Define the column, condition, and value for dropping rows
- column = 'your_column_name'
- condition = 'above'  # Options: 'equal', 'above', 'below'

In [None]:
data_df.columns

Set the parameters for dropping rows

In [None]:
column = 'City'  # The column you'd like to evaluate
condition = 'equal'  # The condition to check ('equal', 'above', 'below')
value = 'Boston'  # The value to compare against

In [None]:
data_df, dropped_df = cal_palm.drop_rows_based_on_value(column, condition, value)

**Standardize Data**
- Enter Columns you Don't want to standardize into a list

In [None]:
# Remove anything you don't want to standardize
cols_not_to_standardize = None #['']

In [None]:
data_df = cal_palm.standardize_columns(cols_not_to_standardize)
data_df

# 02 - Define Your Formula

This is the formula relating outcome to predictors, and takes the form:
- y = B0 + B1 + B2 + B3 + . . . BN

It is defined using the columns of your dataframe instead of the variables above:
- 'Apples_Picked ~ hours_worked + owns_apple_picking_machine'

____
Use the printout below to design your formula. 
- Left of the "~" symbol is the thing to be predicted. 
- Right of the "~" symbol are the predictors. 
- ":" indicates an interaction between two things. 
- "*" indicates and interactions AND it accounts for the simple effects too. 
- "+" indicates that you want to add another predictor. 

In [None]:
data_df.columns

In [None]:
formula = "Z_Scored_Percent_Cognitive_Improvement ~ Age*Z_Scored_Subiculum_Connectivity_T"

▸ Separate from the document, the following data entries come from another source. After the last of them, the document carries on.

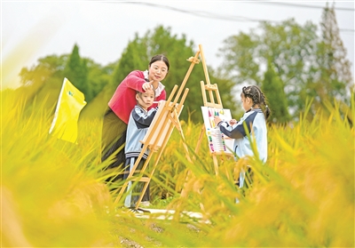 丰收时节,浙江省湖州市长兴县开发区中心幼儿园组织小朋友们走出校园,来到金色稻田间绘画写生,感受秋天气息,描绘家乡丰收美景。陈海伟 摄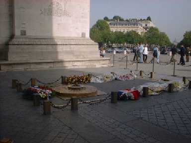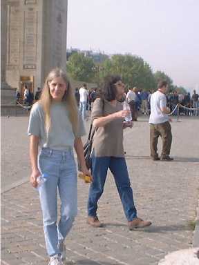 We also went to visit the Arc de Triomphe and the Tomb of the Unknown Soldier. The last picture shows Kathy and Mary walking across the front of the Arc, they don't much like being photographed and it can be really hard to get shots of them. |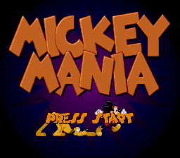 Il ouvre la boite et en sort une cartouche, qu'il s'empresse d'insérer dans la console qu'il appelle SNES. Il essuie l'écran poussiéreux. « Sony Imagesoft » s'inscrit sur l'écran, sur une console Nintendo. Fou. Apparaît ensuite la mention « Disney Software ». Puis Mickey Mania, « developed by Travelers Tales ». Cet homme disait donc vrai. Un écran titre apparaît. Mickey Mania, encore une fois. Mickey se promène gentiment avec Pluto. Écran titre austère, je crains le pire.

# 03 - Visualize Your Design Matrix

This is the explanatory variable half of your regression formula
_______________________________________________________
Create Design Matrix: Use the create_design_matrix method. You can provide a list of formula variables which correspond to column names in your dataframe.

- design_matrix = palm.create_design_matrix(formula_vars=["var1", "var2", "var1*var2"])
- To include interaction terms, use * between variables, like "var1*var2".
- By default, an intercept will be added unless you set intercept=False
- **don't explicitly add the 'intercept' column. I'll do it for you.**

In [None]:
# Define the design matrix
outcome_matrix, design_matrix = cal_palm.define_design_matrix(formula, data_df)
design_matrix

# 04 - Visualize Your Dependent Variable

I have generated this for you based on the formula you provided

In [None]:
outcome_matrix

# 05 - Define your Groups to Assess Between

In [None]:
data_df.columns

In [None]:
groups = 'City'

# 06 - Are You Allowing Random Intercepts?
- Set this to False if you do not want to do this. However, it is generally best to define a random intercept in a mixed effects model.

In [None]:
random_intercepts = True

# 07 - What Columns Would You Like to Perform Random Slopes On?
- Set this to None if you would not like to set random slopes.
- Set to a list of column names that you would like to test.

In [None]:
design_matrix.columns

In [None]:
random_slopes = None

# 07 - Run The Model

In [None]:
try:
    print('Running original mixed effects model.')
    result = cal_palm.run_mixed_effects_model(y=outcome_matrix, X=design_matrix, groups=groups, random_intercepts=random_intercepts, random_slopes=random_slopes)
except:
    import statsmodels.api as sm
    import statsmodels.formula.api as smf
    try:
        print(f'Excepting and running with: \n - random slopes for variable: {random_slopes} \n - random intercepts for group: {groups}')
        mixed_lm = smf.mixedlm(formula, data_df, groups=groups, re_formula = f"~{random_slopes}")
        result = mixed_lm.fit(method=["lbfgs"])
    except:
        print(f'Excepting and running with: \n - no random slopes \n - random intercepts for group: {groups}')
        mixed_lm = smf.mixedlm(formula, data_df, groups=groups)
        result = mixed_lm.fit()

**Manual Mixed Effects**

-ONLY RUN IF ABOVE FAILED

- **Mixed Effects Formula Structure**
- outcome ~ regressor_1 + regressor_2 + (1 + regressor_2 | group)
    - the ( | ) statement is the random effects statement. 
    - 1 (random intercept) or 0 (fixed intercept) indicates the random intercept
    - regressor_2 indicates the random slope for the regressor of interest. 
    - group is simply the group. So, this random effect is calculated | (per) group. 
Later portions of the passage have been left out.